→ **Exercise input**
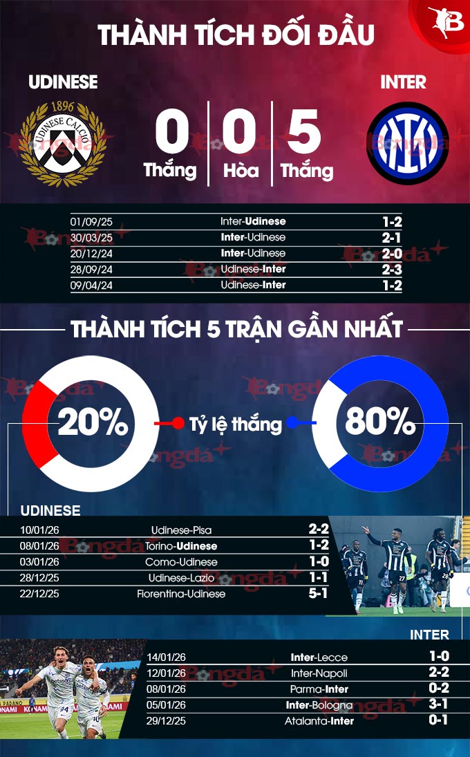 Inter đã ghi 27 bàn vào lưới Udinese trong 11 lần chạm trán gần nhất giữa đôi bên. Trong số này có 9 trận Inter ghi tối thiểu 2 bàn và không trận nào Udinese có thể giữ sạch lưới.
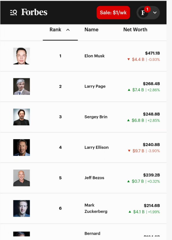近期,甲骨文创办人拉里·埃里森遭遇财富大幅缩水,而谷歌的两位创始人拉里·佩奇和谢尔盖·布林的个人财富则水涨船高。最新的福布斯富豪实时排行榜上,拉里·佩奇和谢尔盖-布林的个人财富分别达 2684 亿美元、2488 亿美元,分别成为世界第二、第三富豪。数据显示,年初至今,谷歌股价涨幅已高达 73%,谷歌公司总市值也飙升至 4 万亿美元附近。
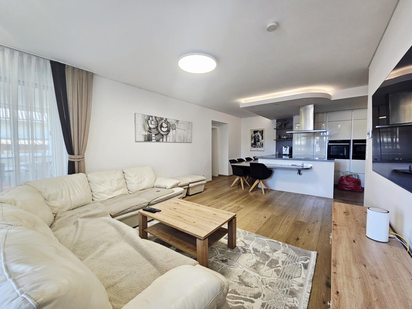 großzügige, offener Wohn-/Essbereich mit hochwertiger Dan-Küche und direktem Zugang zur Terrasse
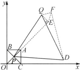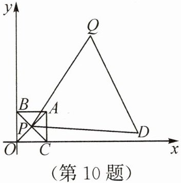 10. 亮点原创 如图,在平面直角坐标系中,$O$是原点,点$Q$的坐标为$(5,7)$,正方形$OCAB$的边$OB$,$OC$分别在$y$轴、$x$轴的正半轴上,点$A$的坐标为$(2,2)$,$OA$,$BC$交于点$P$,连接$PQ$.以点$O$为位似中心,将正方形$OCAB$在第一象限内放大,点$P$随正方形一起运动,当$PQ$的长取最小值时停止运动.以$PQ$为一边,向$PQ$的右侧作等边三角形$PQD$,则在这个位似变化过程中,点$D$运动的路径长是(
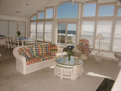 Arriving on the 3rd level, you will be greeted by a wall of glass with breathtaking views of the ocean from all areas. The entire 3rd level has an open design with areas for cooking, dining, and entertainment. After the day is done this is the place to feed the family, watch a game, brag about the one that got away and plan for tomorrow. The upper level also has a great room that boasts a home theater system with a large 60" flat screen TV, Blu-Ray DVD and surround sound for your entertainment with gas log fireplace. The well-appointed kitchen and dining areas offer many amenities for the chef. The great room and open kitchen with breakfast bar overlook the Ocean and pool for a spectacular view. The outside decks are furnished with comfortable Adirondack chairs for the ultimate enjoyment of the ocean views and refreshing breezes!
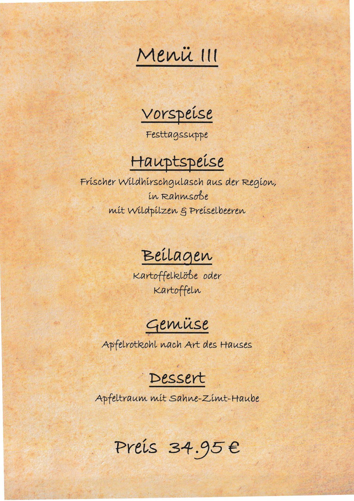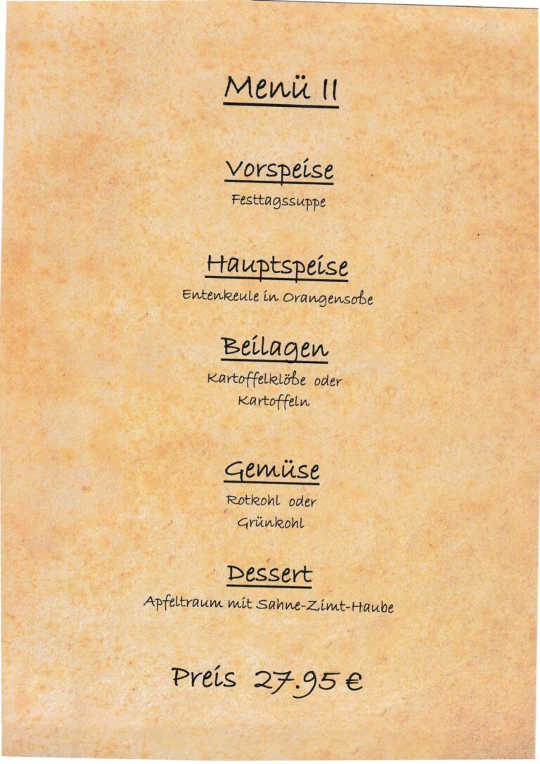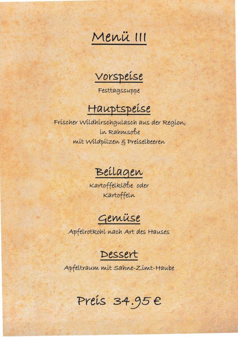 Wir bieten ab 14 Personengruppen ein kleines Buffet an (kein ala carte mehr) oder jetzt zu Weihnachten eine Auswahl der 3 Weihnachsmenü`s
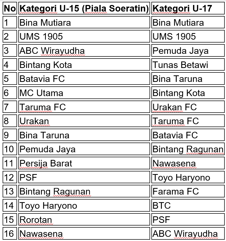 Berikut adalah tim-tim yang terpilih berdasarkan keanggotaan sah Asprov/Askot PSSI DKI Jakarta dan partisipasi musim lalu:
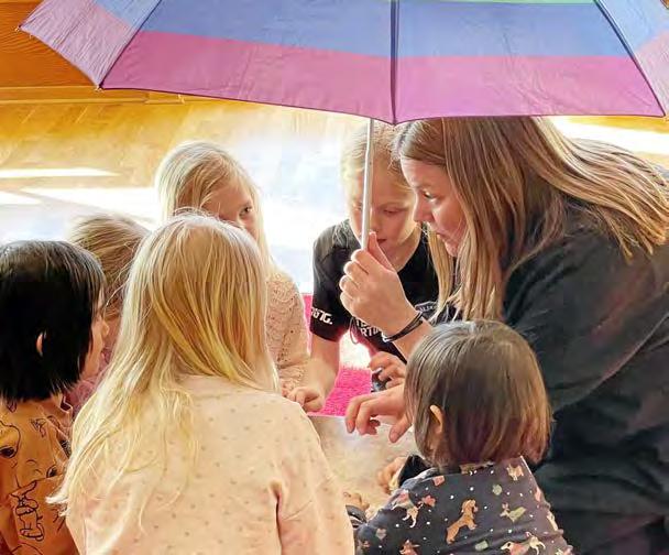 PÅ TORSDAGARNA BÖRJAR man med öppet hus kl 9. Då är små barn tillsammans med vuxna välkomna. Senare under förmiddagen står det babyrytmik på programmet. Hela stora salen fylls med liv –mammor, pappor och bebisar dansar, sjunger, klappar händer, leker, jagar såpbubblor och gömmer sig under den färgsprakande
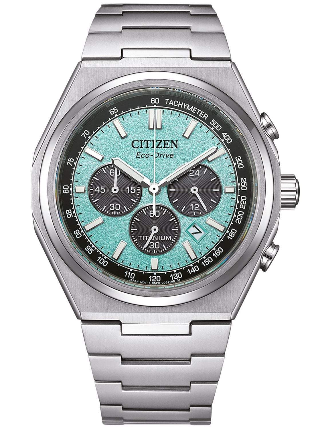 Citizen CA4610-85M Eco-Drive Men´s Wristwatch Chronograph Titanium Turquoise 4974374341686

→ **Task brief**
Leaving every picture behind, retype the entries above exactly, from the first line through the line with "großzügige, offener Wohn-/Essbereich", and stop there.

→ **Response area**
 Inter đã ghi 27 bàn vào lưới Udinese trong 11 lần chạm trán gần nhất giữa đôi bên. Trong số này có 9 trận Inter ghi tối thiểu 2 bàn và không trận nào Udinese có thể giữ sạch lưới.
近期,甲骨文创办人拉里·埃里森遭遇财富大幅缩水,而谷歌的两位创始人拉里·佩奇和谢尔盖·布林的个人财富则水涨船高。最新的福布斯富豪实时排行榜上,拉里·佩奇和谢尔盖-布林的个人财富分别达 2684 亿美元、2488 亿美元,分别成为世界第二、第三富豪。数据显示,年初至今,谷歌股价涨幅已高达 73%,谷歌公司总市值也飙升至 4 万亿美元附近。
 großzügige, offener Wohn-/Essbereich mit hochwertiger Dan-Küche und direktem Zugang zur Terrasse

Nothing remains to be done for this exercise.